■ **What the task asks**
Beginning with the line that has "4.13″ (10.49cm) closed." and ending with the line that has "Tapiz respaldo en", retype the entries below exactly, except for the pictures.

++++ Data for this exercise ++++

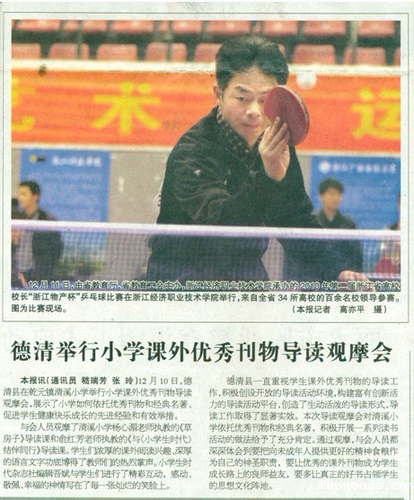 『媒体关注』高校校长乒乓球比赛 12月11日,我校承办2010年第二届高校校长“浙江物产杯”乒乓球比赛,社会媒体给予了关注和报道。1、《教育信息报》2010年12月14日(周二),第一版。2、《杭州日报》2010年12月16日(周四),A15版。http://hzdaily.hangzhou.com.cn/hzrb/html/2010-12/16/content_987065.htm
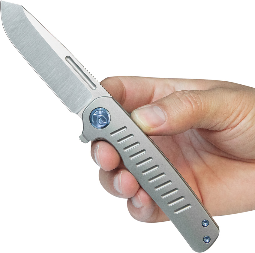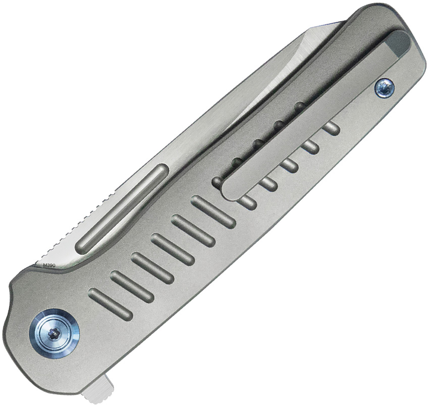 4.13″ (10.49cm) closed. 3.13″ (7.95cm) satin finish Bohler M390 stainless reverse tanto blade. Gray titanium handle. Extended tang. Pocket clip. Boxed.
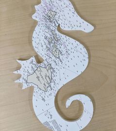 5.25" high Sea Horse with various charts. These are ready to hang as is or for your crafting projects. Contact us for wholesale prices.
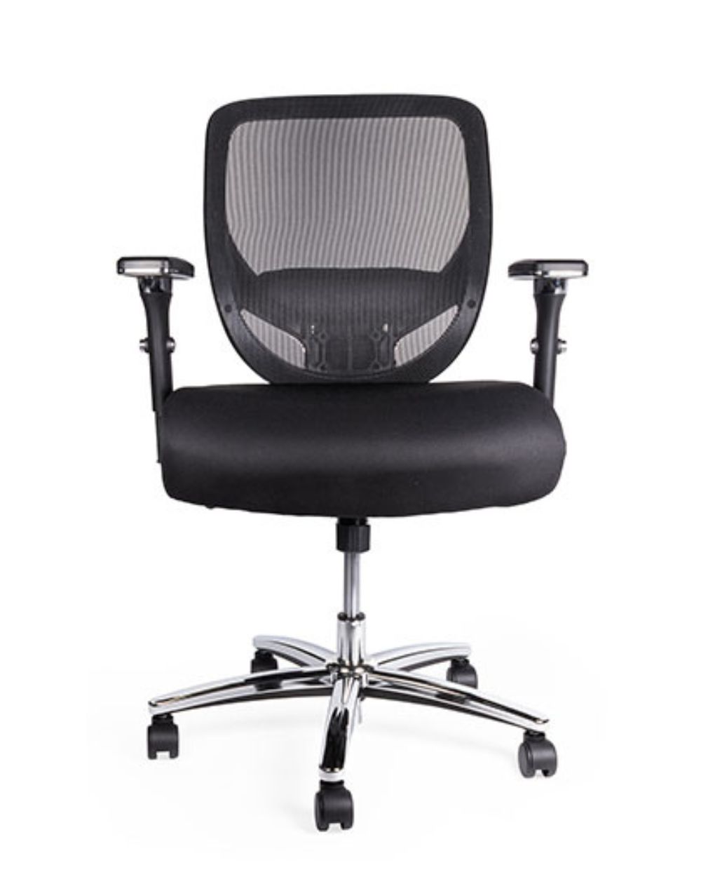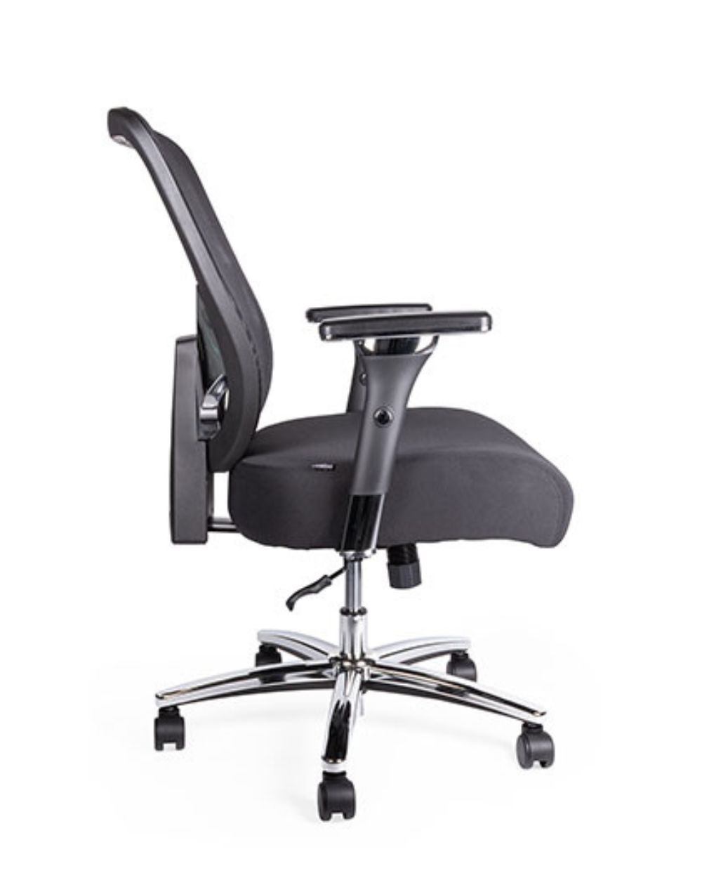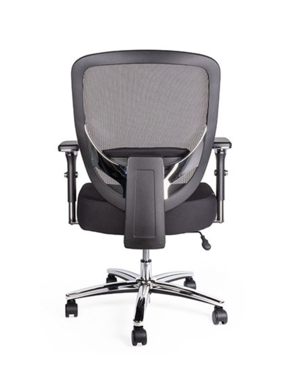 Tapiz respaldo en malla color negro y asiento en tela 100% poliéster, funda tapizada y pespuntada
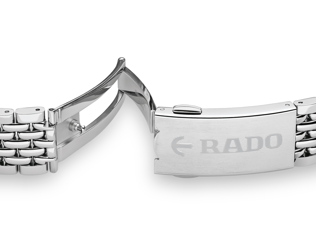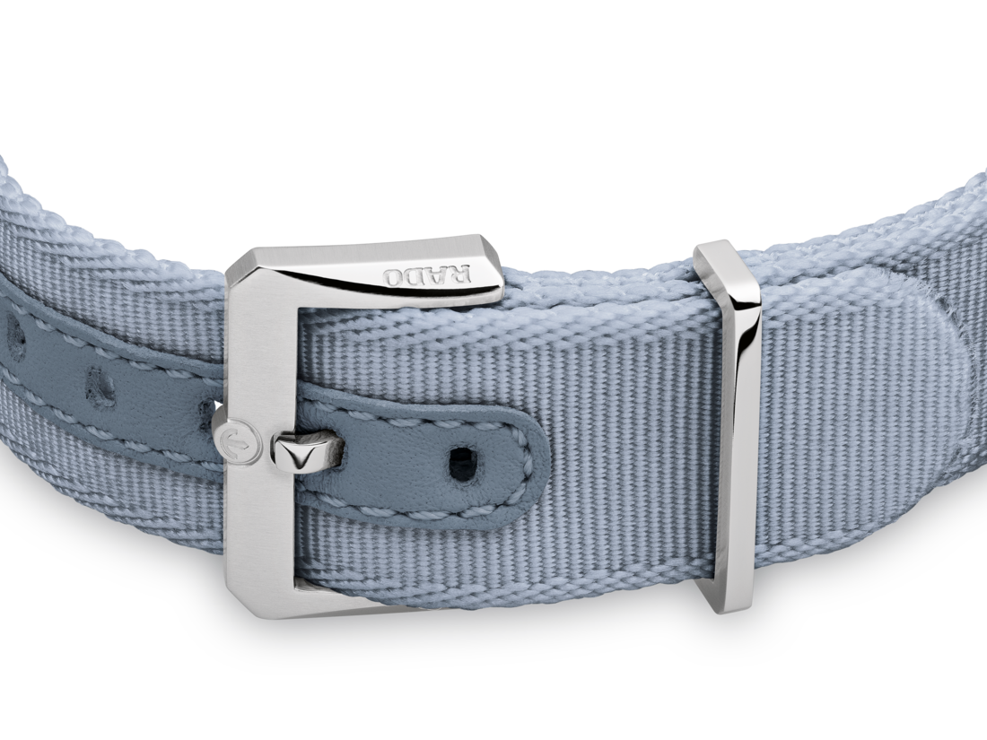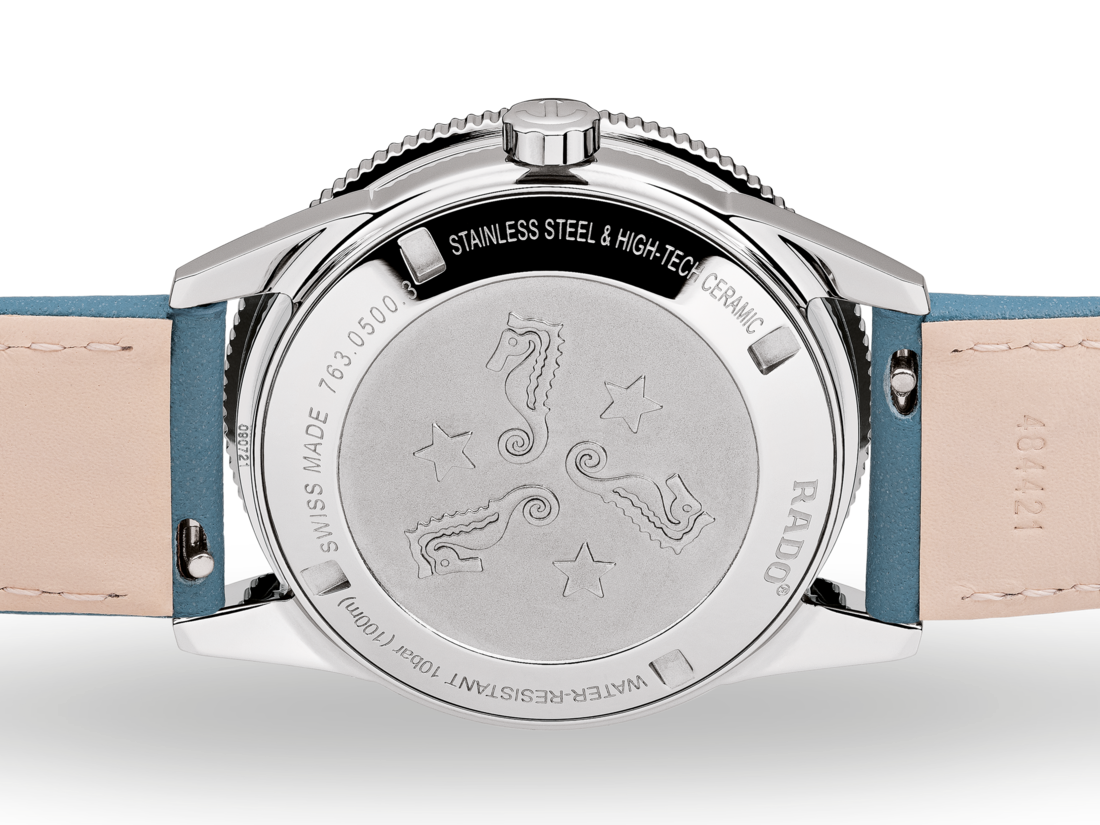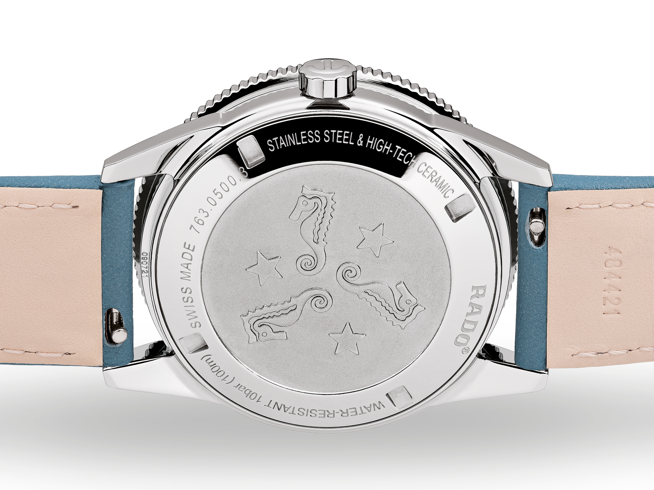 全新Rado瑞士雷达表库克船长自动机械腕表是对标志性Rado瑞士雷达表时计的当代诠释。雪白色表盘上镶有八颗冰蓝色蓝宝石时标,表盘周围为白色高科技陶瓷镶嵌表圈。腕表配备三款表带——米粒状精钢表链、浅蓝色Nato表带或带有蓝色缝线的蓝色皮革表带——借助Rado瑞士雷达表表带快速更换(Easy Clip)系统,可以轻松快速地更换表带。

++++

■ **Reply**
 4.13″ (10.49cm) closed. 3.13″ (7.95cm) satin finish Bohler M390 stainless reverse tanto blade. Gray titanium handle. Extended tang. Pocket clip. Boxed.
 5.25" high Sea Horse with various charts. These are ready to hang as is or for your crafting projects. Contact us for wholesale prices.
 Tapiz respaldo en malla color negro y asiento en tela 100% poliéster, funda tapizada y pespuntada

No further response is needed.